Istanbul and Beyond | Robyn Eckhardt and David Hagerman

Istanbul and Beyond | Robyn Eckhardt and David Hagerman

Istanbul and Beyond
Exploring the Diverse Cuisines of Turkey

By Robyn Eckhardt
Photographs by David Hagerman

Suzy Chase:                  Welcome to the Cookery by the Book podcast with me, Suzy Chase.

Robyn:                  I'm Robyn Eckhardt and I am the author of Istanbul and Beyond. We support the diverse cuisines of Turkey, and this is my first cookbook.

Suzy Chase:                  There's no such thing as a purely Istanbul dish, a native told you during a visit. I like you always thought that Turkish food was kabobs, chopped salads and baklava. How diverse are the cuisines of Turkey?

Robyn:                  Oh, gosh. As diverse as you can imagine. When you travel from the Black Sea to the Mediterranean and from Istanbul all the way east to the Iranian and Iraqi borders and borders with Armenia and Georgia, you have got foods with Baltic influences and Russian influences and Persian influences and influences from the Lavant and in Istanbul you also have influences from the cuisines that were developed in Topkapi Palace. It's an incredibly diverse country.

Suzy Chase:                  You spent 16 months in Turkey researching this cookbook. So what was the main criteria for the recipes?

Robyn:                  The recipes that are in there are the result of the recipes that we found, I and the photographer David Hagerman, found during our travels. I collected about 200, over 200, maybe 225 recipes and developed those and tested them and the first criteria was that it had to be delicious. The second criteria was that I wanted it to be representative of the region that it was supposed to represent to include ingredients from that region, and the third criteria was that it had to be reproducible in an American kitchen. I'm not saying all of the recipes are super simple although some are very simple and very perfect for a weeknight quick dinner, but they had to be something that a cook could do, and I wanted a range of recipes from the very simple to maybe more complicated or time consuming sort of project recipes. There's really something in the book for everyone I think.

Suzy Chase:                  Is it true that these recipes have never been published in English?

Robyn:                  Some of them have never been published in English simply because food writers in Turkey and outside of Turkey tend not to pay attention much to some of the regions that we included, so there are for instance some recipes from mostly Kurdish parts of Turkey that I haven't seen in English. It's hard to say they've never been published in English but searching the internet and looking at other cookbooks that have been published on Turkish food, I don't find them.

Suzy Chase:                  That's so cool.

Robyn:                  Yeah.

Suzy Chase:                  Describe some of your favorite culinary regions.
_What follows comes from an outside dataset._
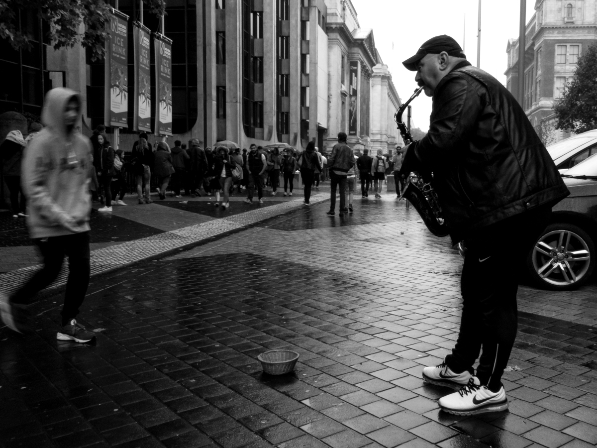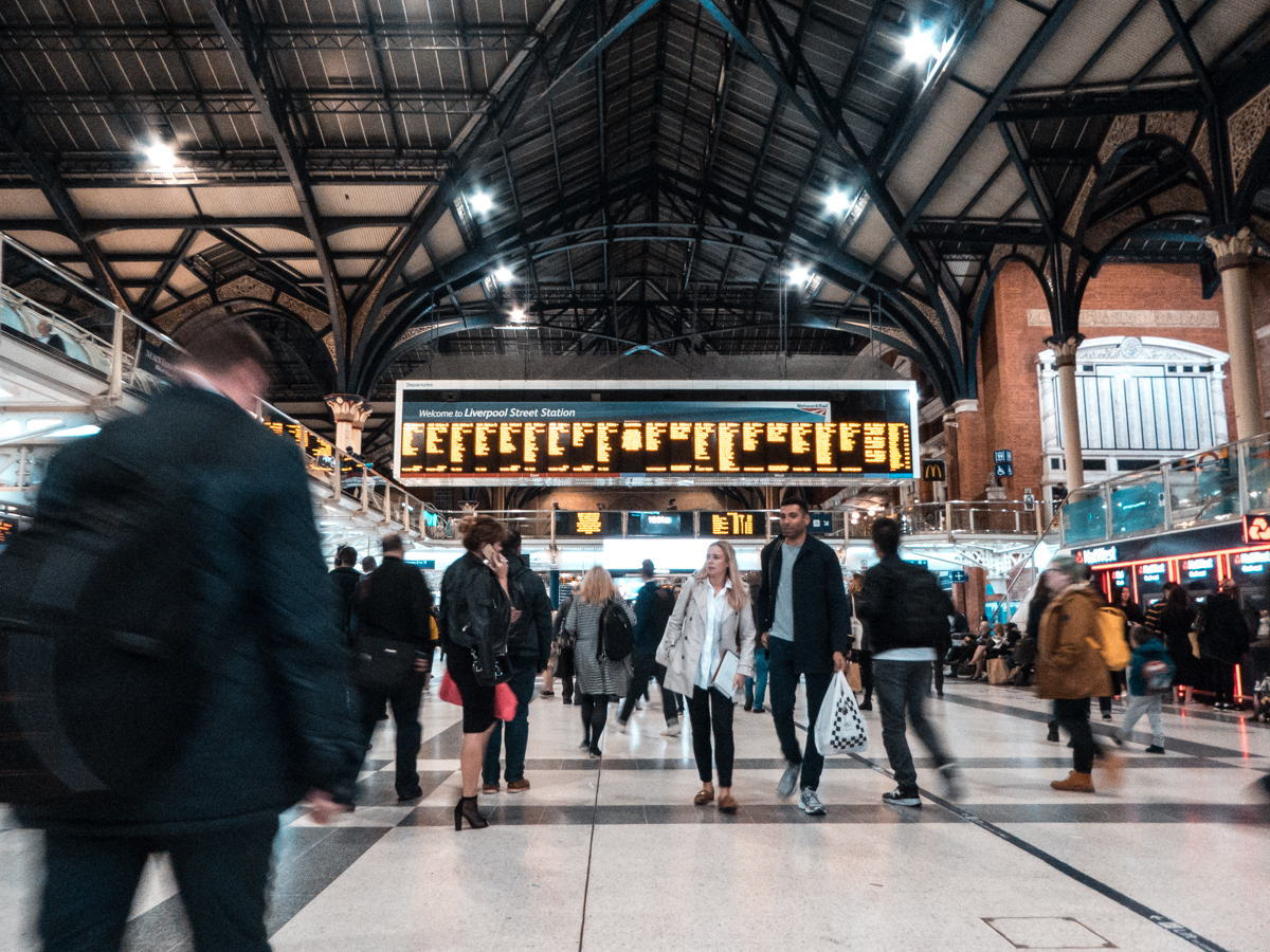 Ostatnie zdjęcie w tym rozdziale wykonałem w okolicach Liverpool Street, skąd wyruszyłem na lotnisko Londyn Stansted na samolot powrotny do Warszawy. Co ciekawe - ponownie skorzystałem tutaj z szerokiego zakresu ogniskowych TZ90 i ustawiłem aparat na 720 mm. Dzięki szybkiej serii udało mi się uzyskać satysfakcjonujące mnie ujęcie. Nie zawiodła również stabilizacja, bowiem zdjęcie wykonałem przy czasie 1/125 s.

Robyn:                  The Black Sea. I love fish and I love seafood and fish and anchovies in particular are really a religion on the Black Sea. When it's anchovy season which is the winter locals are eating these fish which Turks call the prince of fishes two and even three times a day. They're dipped in corn meal and fried in a pan. They're made into breads. They're baked and they're stewed, and this region also has a lot of leafy greens in the diet, so Swiss chard, greens that are very much like collard greens. It's a very vegetarian or vegetarian friendly cuisine and I also love the cuisine of Hatay Province which is in the Mediterranean and borders Syria. It's sort of what closer to what we might know as Middle Eastern food, so you've got humus and baba ganoush and you have flat breads covered in spicy cheese and just, it's a very kind of vibrant, olive oil based, pomegranate molasses rich cuisine with a lot of chilis and I love chilis. So, I would have to say those are my two favorite culinary regions.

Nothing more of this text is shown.